* Excerpted data *
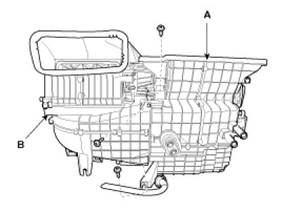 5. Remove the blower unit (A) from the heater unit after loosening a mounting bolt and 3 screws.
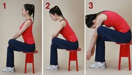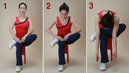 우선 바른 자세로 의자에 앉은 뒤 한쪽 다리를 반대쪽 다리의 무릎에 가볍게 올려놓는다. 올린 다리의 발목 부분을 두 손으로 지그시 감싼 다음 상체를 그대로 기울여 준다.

==

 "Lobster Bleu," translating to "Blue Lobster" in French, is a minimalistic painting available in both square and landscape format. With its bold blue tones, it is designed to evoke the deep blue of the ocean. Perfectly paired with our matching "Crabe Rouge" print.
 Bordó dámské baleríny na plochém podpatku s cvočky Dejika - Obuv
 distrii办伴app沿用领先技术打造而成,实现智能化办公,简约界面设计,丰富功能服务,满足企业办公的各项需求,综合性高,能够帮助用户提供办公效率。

* Work to be completed *
If a picture sits between the line containing "5. Remove the" and the line containing "우선 바른 자세로 의자에", leave it out, and return the lines of that range above exactly, both ends included.

* Answer box *
 5. Remove the blower unit (A) from the heater unit after loosening a mounting bolt and 3 screws.
 우선 바른 자세로 의자에 앉은 뒤 한쪽 다리를 반대쪽 다리의 무릎에 가볍게 올려놓는다. 올린 다리의 발목 부분을 두 손으로 지그시 감싼 다음 상체를 그대로 기울여 준다.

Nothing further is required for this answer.